Review by Ian Keogh
Time Clock is a deceptive beast, starting in a deliberately mundane manner before gradually introducing quiet anomalous items, and before you know it you’ve been swirled into a vortex of weirdness.
Larrybear works as a waitress, and the book opens with her clocking in and her daily routine. She gets on better with some of her fellow workers than others, and some customers can be complete pains. Everyone resembles a stylised human, but ten pages in we’re introduced to her best friend, who has a bird’s head. Larrybear spends her weekend at a sand counting event, where people display sand sculptures, but knowing exactly how many grains they’re constituted from. Larrybear has a talking guitar with arms that likes to bake.

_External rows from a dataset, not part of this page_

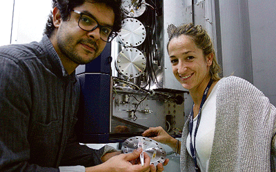 Thales de Oliveira y María Arbulu , impulsores y trabajadores de Prospero, trabajando con un espectrómetro de masas en CIC nanoGUNE.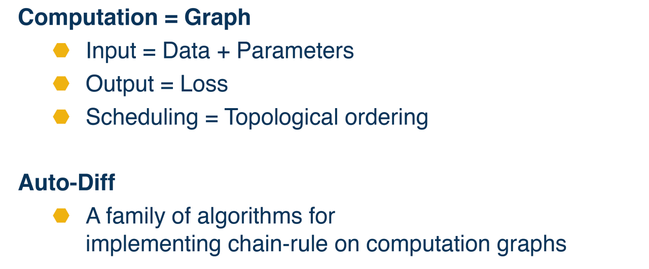 深度学习框架的本质就是大量事先定义好的计算节点,这样用户在定义模型时实际上定义了一个巨大的计算图。在模型训练时框架会调用反向传播算法来计算损失函数关于每个节点的导数,从而实现模型的更新。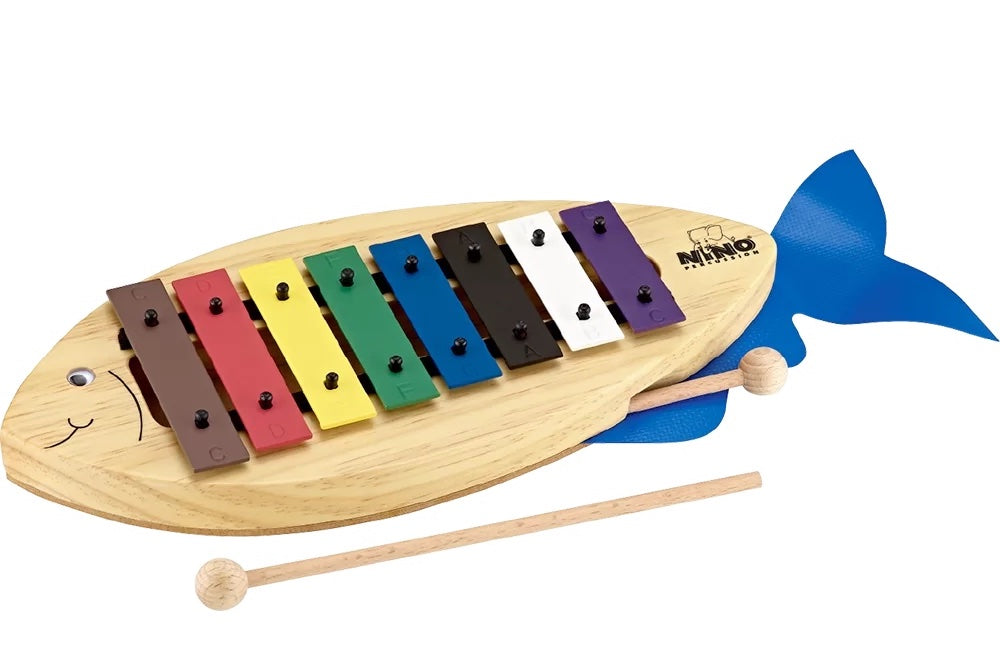 The NINO® Glockenspiel is a child-friendly way to start out with music. The jolly fish has colourful keys tuned to a scale of c d e f g a b c’. The keys may be removed for simplicity and later replaced as your child develops confidence. All corners are contained inside the rounded profile of the wooden body. The googly eye and flapping blue tail make the “Fish” Glockenspiel a charming and entertaining character!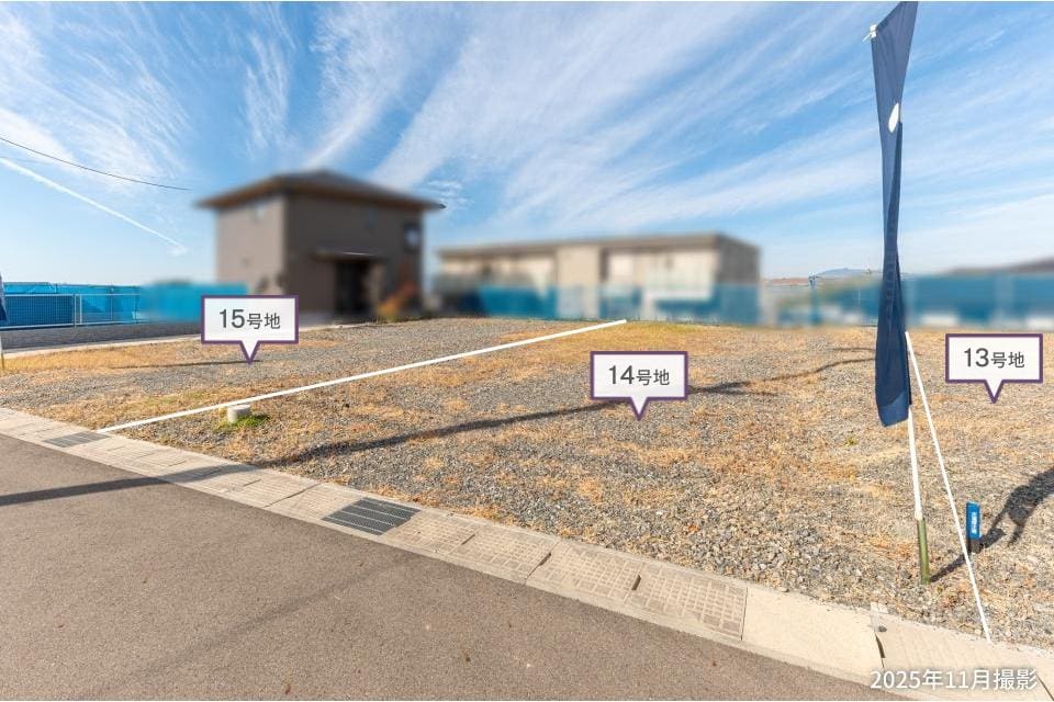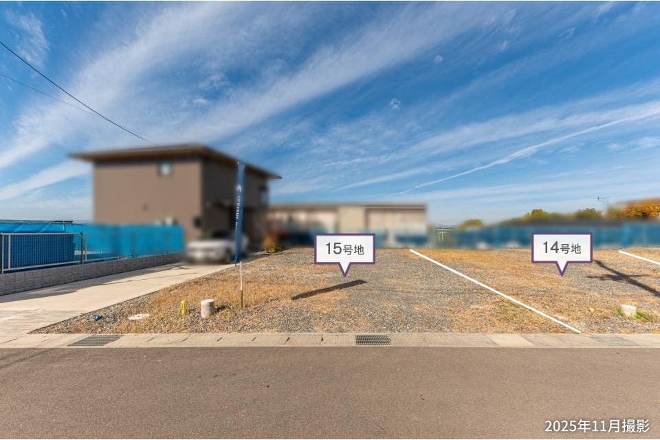 【15号地】敷地面積は約46.05坪。奥行きがある土地のため、キッチンからリビングを見渡せる縦長のLDKもご検討いただけます。/2025年11月撮影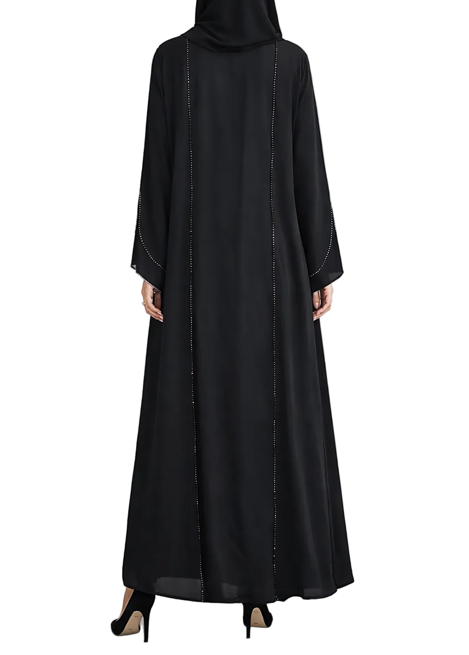 Effortlessly elegant and beautifully refined, the Badia Beaded Panel Abaya is designed for those who appreciate subtle detailing with a graceful silhouette.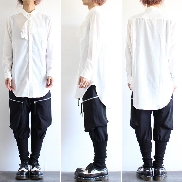 【商品説明】 落ち着きのある光沢とリボンタイが上品かつドレッシーな印象のロングシャツです。 上質な日本製ポリエステル素材による薄手で軽い着心地の生地感で、 柔らかい光沢感と滑らかな肌触りが上品な雰囲気を醸し出しています。 メインポイントのリボンタイは襟裏から一体化している仕様で、 蝶々結びやネクタイ結びはもちろんそのまま垂らしても様になるので複数のアレンジを楽しめます。 緩やかにラウンドしたサイドスリットによって前後の着丈差が絶妙で、 レイヤードの際にインナーとの好バランスを生んでくれます。 袖口部分にはさりげないアクセントのダーツをあしらっていて、 立体感のあるメリハリが生まれる様に意識しています。 ボディと同カラーのボタンを採用することで全体の統一感を高めており、 小振りなサイズ感がスッキリとした印象を与えてくれます。 さりげない胸ポケットに加えスッキリとした細身シルエットはドレッシーなスタイルが特に好相性で、 ロング丈特有の縦長を活かして綺麗なボディラインを表現しました。 スキニー・レギンス系でキッチリ感が出るIラインのスタイリングはもちろん、 ワイドパンツやスカートと合わせてメリハリを出すのもオススメです。 シンプルにそのままでもジャケットやコートのインナーとしてもロングシーズン活躍してくれる1枚です。
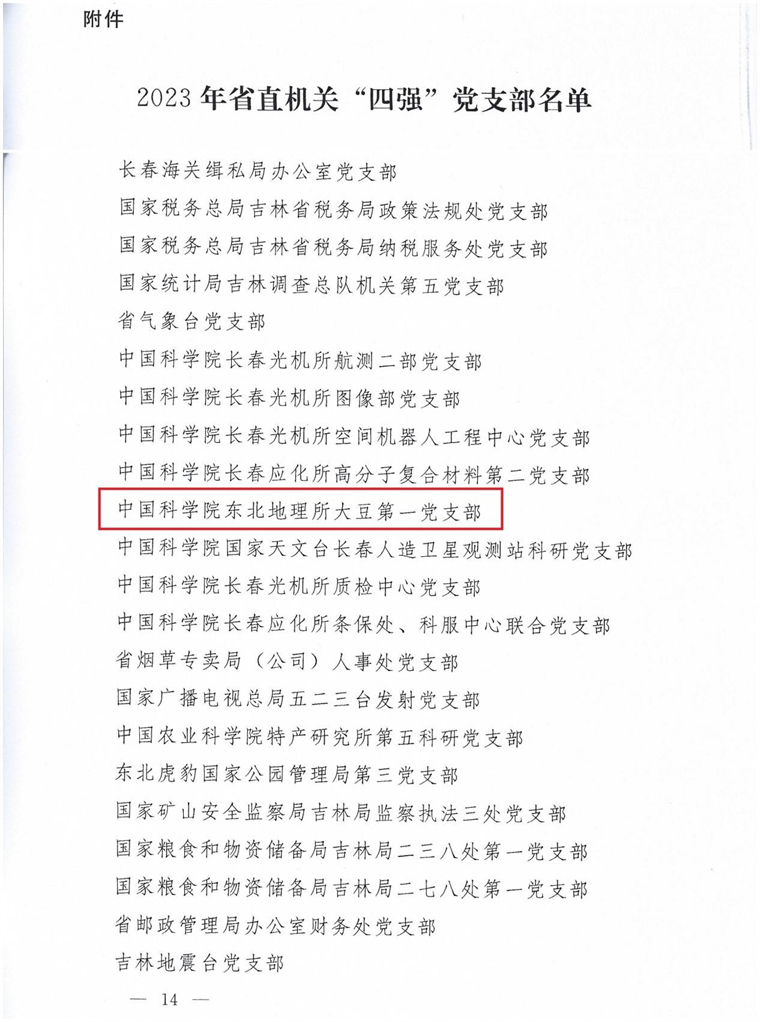 吉林省直機關工委為表彰先進、鼓舞士氣,充分發揮先進典型的示范引領作用,激勵省直機關各級黨組織和廣大黨員干部在新時代新征程展現新擔當、新作為,共命名265個黨支部為“省直機關‘四強’黨支部”,東北地理所大豆第一黨支部位列其中。

The Eye of the Majestic Creature subtitle links this with Leslie Stein’s two previous books under that title, both of which merged fantasy elements with semi-autobiographical threads. There’s seemingly a subtext and a meaning to much of the content, but it’s so veiled in obscure comments and deeds that each interpretation will differ from others. The assorted speaking objects are presumably people who’ve been in Stein’s life at some stage, represented by their skills. This decoding and speculation makes for a sometimes very pretty, but ultimately unsatisfying read, because taken at face value, once you move past the surrealism it’s only occasionally that Time Clock sparks into life. One of the more engaging sequences has Larrybear in a bar and a typical drunk trying to impress her, but that’s brief and the exception. Too much of the remainder is nicely drawn without an awful lot going on, so comes across as intensely personal, but lacking the content to engage.